Picking Up the Apples
The 4th Sunday in Ordinary Time
Today’s Readings: Jer 1: 4-5 and 17-19; Ps 71; 1 Cor 12: 31 – 13: 13; Lk 4: 21-30
A group of sales representatives from Milwaukee were in Chicago for the day to make an important business presentation. As it turned out, their meeting ran late, and the sales reps had to race to Union Station, tickets in hand, to catch their Amtrak train back to Milwaukee.
As the group raced through the main concourse, one guy accidentally knocked over a little table with a basket of apples on it. But the group kept hurrying along without so much as even looking back. With great sighs of relief, they quickly boarded the train.
All but one of them, that is.
One of the men paused, because he felt a twinge of conscience over what his associate had done. So he waved goodbye to his friends and went back into the terminal. He was glad he did. The ten-year-old boy with the apple stand was blind.
The salesman went around and gathered up the apples that had rolled all over the place. He noticed that several of them were bruised. He reached into his wallet and said to the boy, “Here, please take this ten dollars for the damage we did. I’m really sorry, and I hope we didn’t ruin your day.”
As the man started to walk away, the puzzled boy called after him, “Are you Jesus?”
The man stopped in his tracks… and he wondered.
How easy it is to ram your way through life, sometimes leaving damage and victims in your wake: people we may have snubbed or insulted, ignored or irritated. Maybe the exact wrong words might have slipped out of our mouth, and before you know it, it’s too late.
Don’t you just hate it when that happens? I sure do. I kick myself like Ralph Kramden for once again opening my BIG MOUTH.
The Lord has some words of encouragement for us today—for those of us who mess up, and for the ones who happen to get stepped on along the way.
First, for the ones who cause the trouble:
We hear that beautiful reading from the letter to the Corinthians that is a favorite at weddings: love is patient, love is kind, it is not jealous… But this is not a lesson only for brides and grooms or loving partners. It is aimed at all of us—the entire human race. The Lord is reminding us that the most important thing in the world is people. We are commanded to love them, and that means we have to treat them with kindness, respect, honesty and humility. Just exactly the way that Christ did.
In our little story about the blind boy and the apples, this child saw Jesus in the unexpected kind act of the businessman. “Are you Jesus?” he asked.
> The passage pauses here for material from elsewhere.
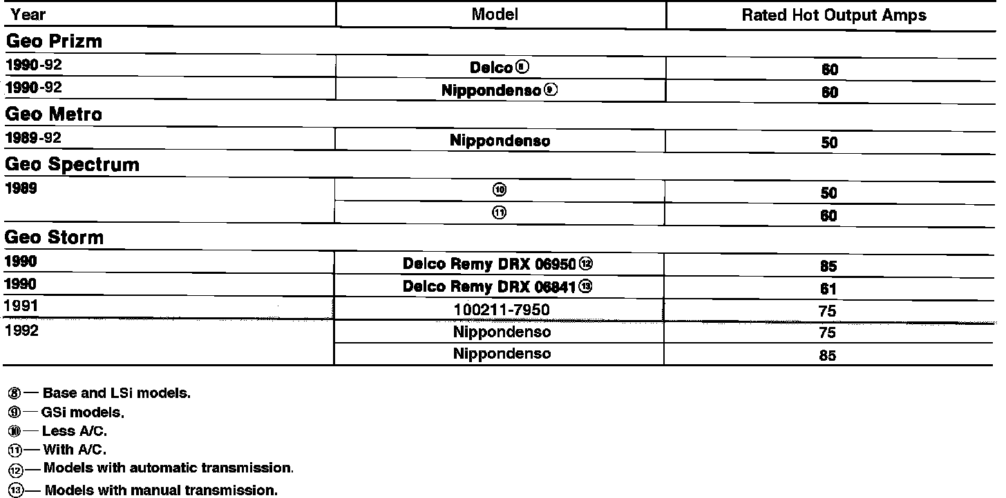 Alternator Specifications: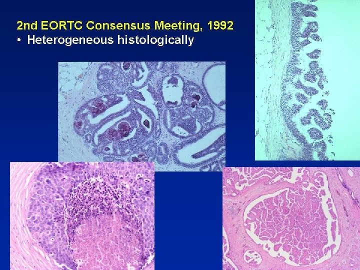 E-Cadherin • • 17 of 28 cases of indeterminate CIS (61%) E-cadherin heterogeneous Jacobs TW. Am J Surg Pathol 2001; 25: 229 -36 • 23 of 50 indeterminate CIS = ductal or lobular on immunoprofile In 27 IHC not typical of DIN or classic LIN Bratthauer GL et al. Hum Pathol. 2002; 33: 620 -7 • • • Group of lesions with overlapping morphological & IHC profile At present, regard as combined LCIS & DCIS because of the ? bilateral risk & precursor risk? respectively

This is the standard we must strive for in our own dealings with people. If only we could pause for a split-second before we simply react to some situation! If only we could think: what is the patient, kind, loving thing to do?
Or at the very least, even if we make a mess of things, if we could only realize it right away and hurry back to try to make things right!
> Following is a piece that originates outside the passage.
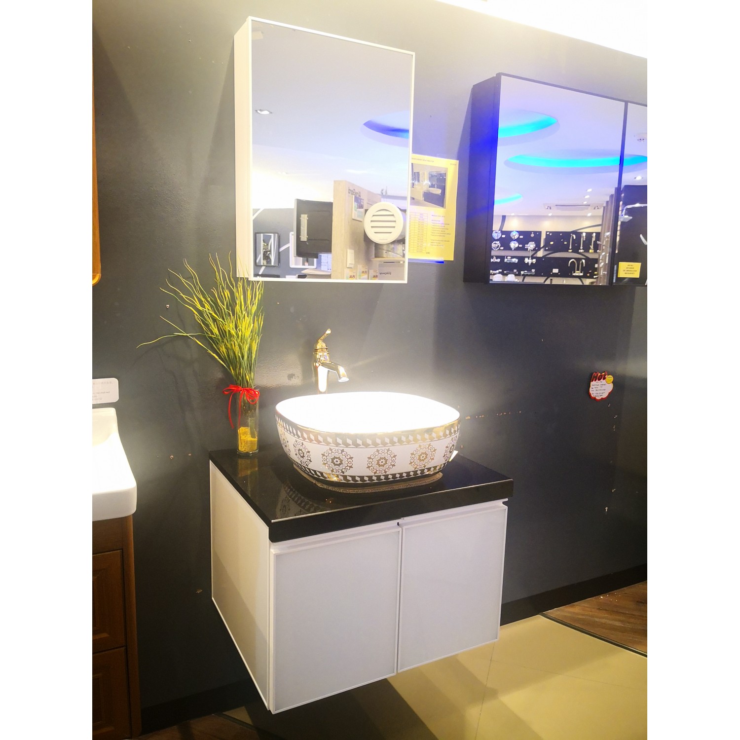 BASIN CABINET BLACK TOP WHITE CABINET 600MM

Just think how many messes you could have avoided-or at least minimized! It almost boggles the mind!
Now, for those who wind up as the victim:
Our first reading today gives us some words of wisdom from Jeremiah the prophet: Before I formed you in the womb, I knew you. This is also a message aimed at the entire human race. God, who knows and sees all things—past, present and future—has known us and loved us and given us a mission from all eternity. You might say that God has his loving and protective arms wrapped tightly around us as he propels us into the world.
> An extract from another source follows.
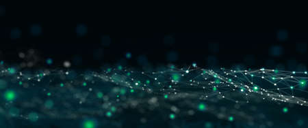 Abstract green futuristic technology big data digital background. Network connection structure and Low poly shape wireframe particle wave. Polygon abstract background. 3D Render.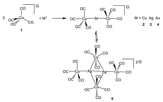 The M-Co(CO)4 (M = Cu, Ag, Au) system presents some further examples of structural isomerism in the case of the 1:2 adducts [M{Co(CO)4}2]− (M = Cu, 2; Ag, 3; Au, 4). In particular, three different isomers have been structurally characterized for 2 (see Results and Discussion) [39,40,41], whereas a single structure has been reported for 4 [42] and none for 3.

Remember that, and listen again to what the Lord says about the people and hardships that want to drag us down, on purpose or by accident: Be not crushed on their account… for I am with you to deliver you.
We’ve all had the experience of having something rotten happen to us—and we can’t wait to turn to somebody close or important to us to tell them about it… not that they can necessarily make things better, but just because it makes us feel better to share our burden with someone we trust and someone who loves us.
But the truth be known, your very best confidant in the whole wide world is God! If only we would remember to go to him first and pour out our hearts and prayers to him! Who else promises what he promises us today? I am with you to deliver you. God’s devoted love and friendship can truly make any problem bearable and manageable.
I hope and pray that we all will take to heart Christ’s lesson today—a lesson that is simple but oh-so-very-important: to really learn to cherish one another and put each other first. Nothing in life matters more.
So always remember: take the time to go back and pick up the apples.